• [WORK INSTRUCTION]:
Among the entries below, the lines from the one with "用番茄酱在火腿的中间,点一下" up to and including the one with "- Add a new" are to be restated exactly, without pictures.

• [INFORMATION]:
......

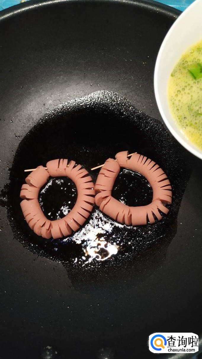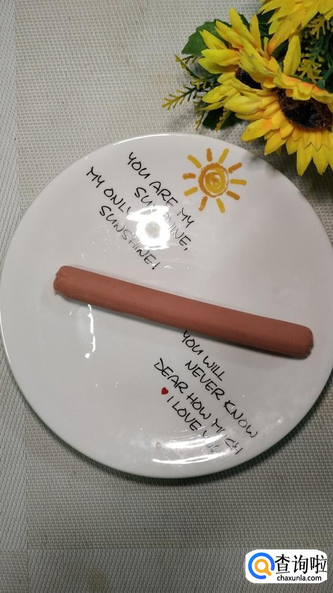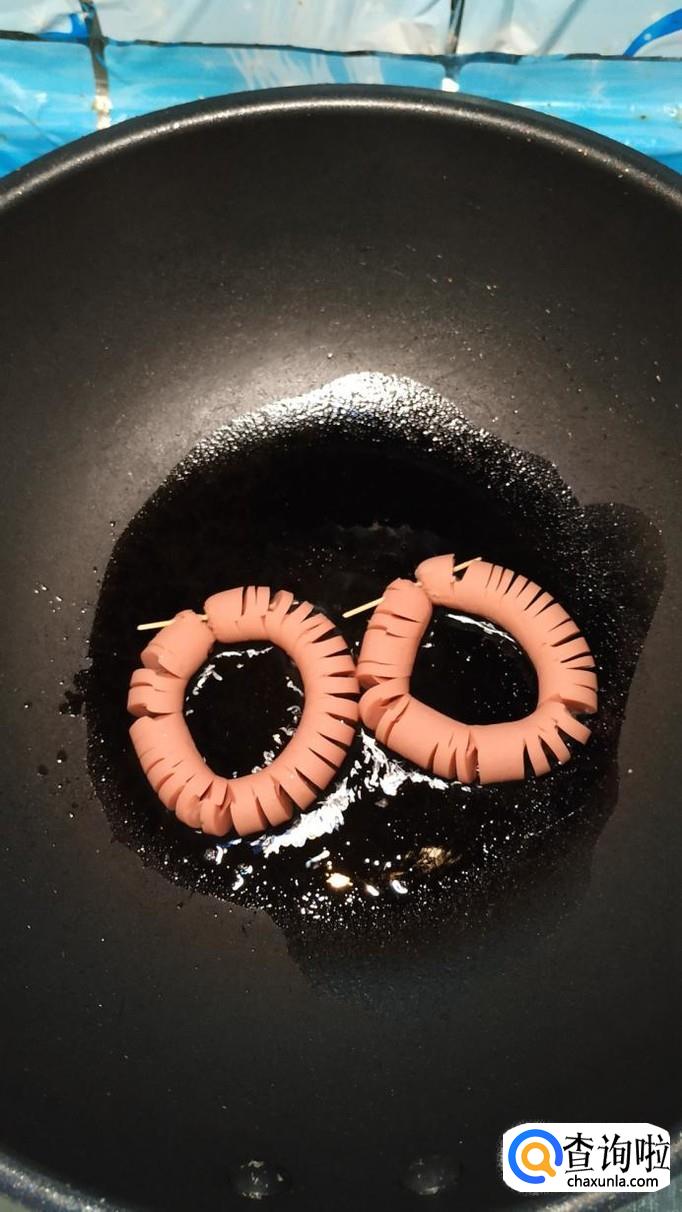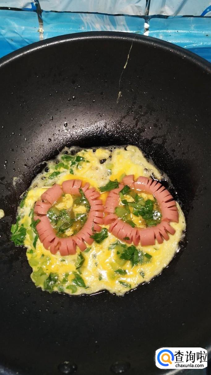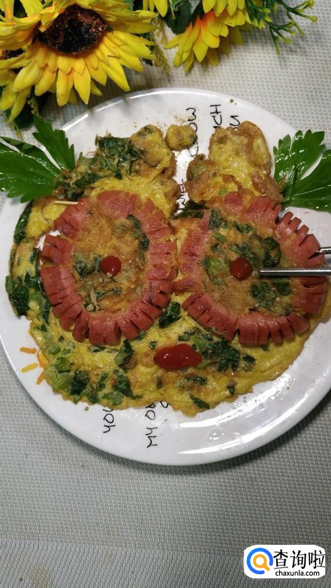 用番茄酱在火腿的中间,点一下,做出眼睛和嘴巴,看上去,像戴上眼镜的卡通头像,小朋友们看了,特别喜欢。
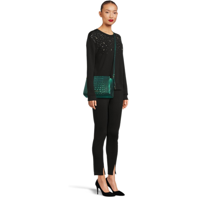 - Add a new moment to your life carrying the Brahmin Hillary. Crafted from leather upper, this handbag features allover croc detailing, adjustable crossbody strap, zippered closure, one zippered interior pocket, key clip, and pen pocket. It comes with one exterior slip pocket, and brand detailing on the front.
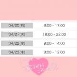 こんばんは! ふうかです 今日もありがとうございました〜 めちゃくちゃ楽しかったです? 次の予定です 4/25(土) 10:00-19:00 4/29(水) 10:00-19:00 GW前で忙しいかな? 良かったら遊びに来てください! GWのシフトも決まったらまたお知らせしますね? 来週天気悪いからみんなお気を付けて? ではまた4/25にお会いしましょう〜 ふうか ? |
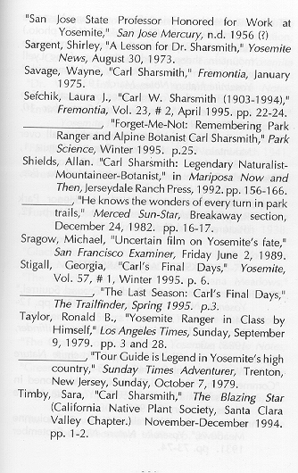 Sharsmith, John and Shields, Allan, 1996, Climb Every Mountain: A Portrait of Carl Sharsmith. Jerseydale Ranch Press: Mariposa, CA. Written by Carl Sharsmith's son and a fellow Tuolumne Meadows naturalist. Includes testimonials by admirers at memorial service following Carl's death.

......

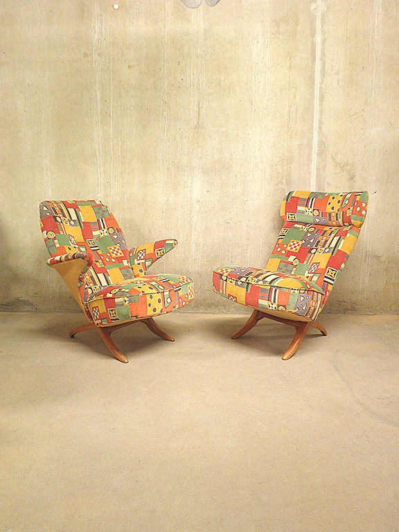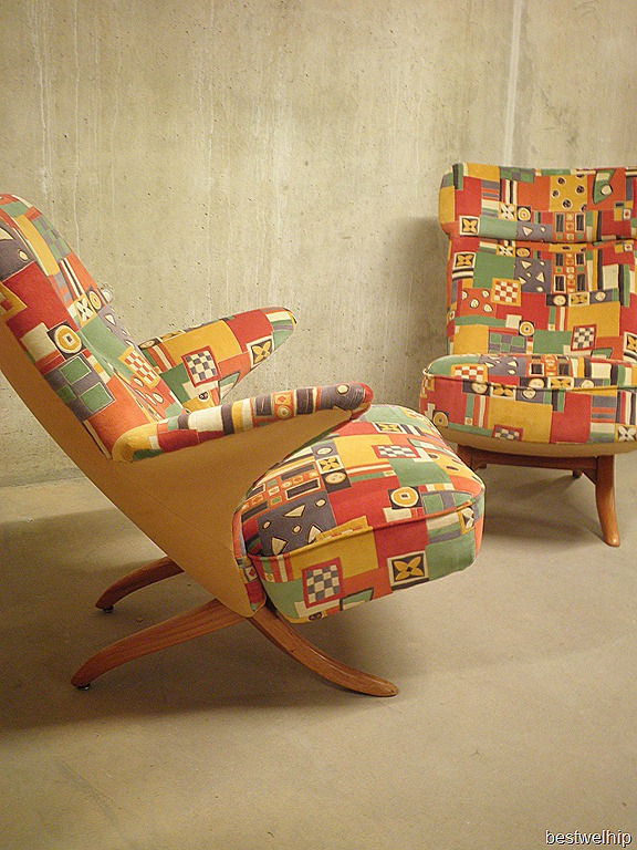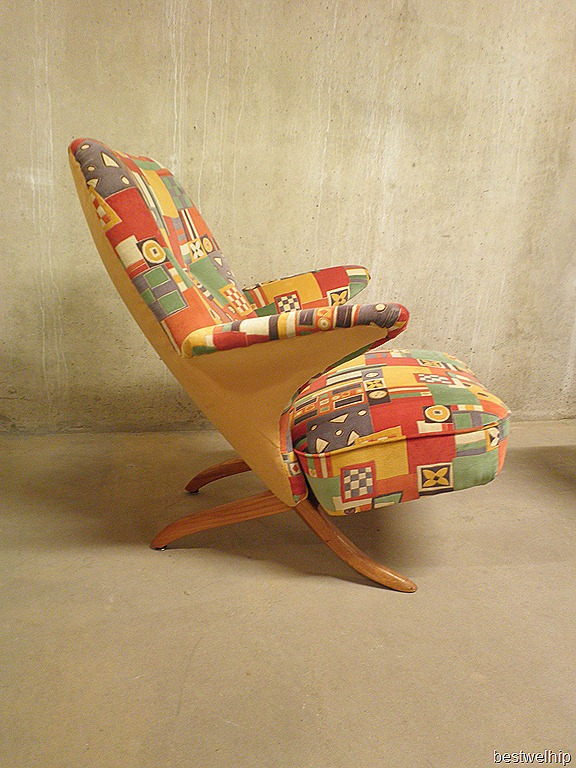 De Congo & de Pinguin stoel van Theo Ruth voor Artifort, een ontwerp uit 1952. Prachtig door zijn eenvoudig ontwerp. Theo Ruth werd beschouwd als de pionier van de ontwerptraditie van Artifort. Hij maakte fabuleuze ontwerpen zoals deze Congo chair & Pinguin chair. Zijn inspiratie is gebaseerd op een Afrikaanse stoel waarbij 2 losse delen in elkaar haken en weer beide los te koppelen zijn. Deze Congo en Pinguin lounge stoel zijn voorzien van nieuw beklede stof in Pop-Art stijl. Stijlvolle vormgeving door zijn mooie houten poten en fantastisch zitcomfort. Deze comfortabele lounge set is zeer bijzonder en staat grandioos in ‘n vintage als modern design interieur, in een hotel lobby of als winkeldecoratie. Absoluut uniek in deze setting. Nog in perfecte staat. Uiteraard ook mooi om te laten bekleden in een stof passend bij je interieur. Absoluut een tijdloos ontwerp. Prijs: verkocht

......

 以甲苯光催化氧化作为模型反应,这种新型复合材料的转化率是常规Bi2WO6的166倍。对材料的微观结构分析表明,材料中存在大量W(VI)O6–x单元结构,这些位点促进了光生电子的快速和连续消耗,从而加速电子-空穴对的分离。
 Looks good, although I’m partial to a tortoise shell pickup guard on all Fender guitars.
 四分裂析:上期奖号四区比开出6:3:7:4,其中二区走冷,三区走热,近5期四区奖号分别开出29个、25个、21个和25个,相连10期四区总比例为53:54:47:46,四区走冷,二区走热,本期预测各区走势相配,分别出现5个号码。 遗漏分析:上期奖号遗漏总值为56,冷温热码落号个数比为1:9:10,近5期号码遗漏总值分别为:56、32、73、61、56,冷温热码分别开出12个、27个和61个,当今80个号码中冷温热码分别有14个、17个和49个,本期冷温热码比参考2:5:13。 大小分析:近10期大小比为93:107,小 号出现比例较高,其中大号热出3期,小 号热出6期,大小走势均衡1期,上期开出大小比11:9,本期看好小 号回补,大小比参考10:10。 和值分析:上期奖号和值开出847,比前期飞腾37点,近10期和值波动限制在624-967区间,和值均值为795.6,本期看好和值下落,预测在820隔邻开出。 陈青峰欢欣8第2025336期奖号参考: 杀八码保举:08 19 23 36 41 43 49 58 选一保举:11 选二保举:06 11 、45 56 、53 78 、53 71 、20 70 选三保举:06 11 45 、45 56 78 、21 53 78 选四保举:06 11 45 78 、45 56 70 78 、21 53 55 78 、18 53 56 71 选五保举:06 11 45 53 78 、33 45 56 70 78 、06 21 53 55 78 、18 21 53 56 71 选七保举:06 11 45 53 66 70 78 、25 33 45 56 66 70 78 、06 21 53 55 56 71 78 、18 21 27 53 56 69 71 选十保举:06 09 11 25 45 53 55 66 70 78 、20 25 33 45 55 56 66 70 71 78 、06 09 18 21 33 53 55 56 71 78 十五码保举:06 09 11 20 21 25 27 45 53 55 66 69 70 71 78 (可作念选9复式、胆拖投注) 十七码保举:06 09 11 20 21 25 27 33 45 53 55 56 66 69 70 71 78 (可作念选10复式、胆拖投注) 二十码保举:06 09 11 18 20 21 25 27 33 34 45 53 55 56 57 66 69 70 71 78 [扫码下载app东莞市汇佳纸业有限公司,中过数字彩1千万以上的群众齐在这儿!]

......

• [ANSWER FOR THIS EXERCISE]:
 用番茄酱在火腿的中间,点一下,做出眼睛和嘴巴,看上去,像戴上眼镜的卡通头像,小朋友们看了,特别喜欢。
 - Add a new moment to your life carrying the Brahmin Hillary. Crafted from leather upper, this handbag features allover croc detailing, adjustable crossbody strap, zippered closure, one zippered interior pocket, key clip, and pen pocket. It comes with one exterior slip pocket, and brand detailing on the front.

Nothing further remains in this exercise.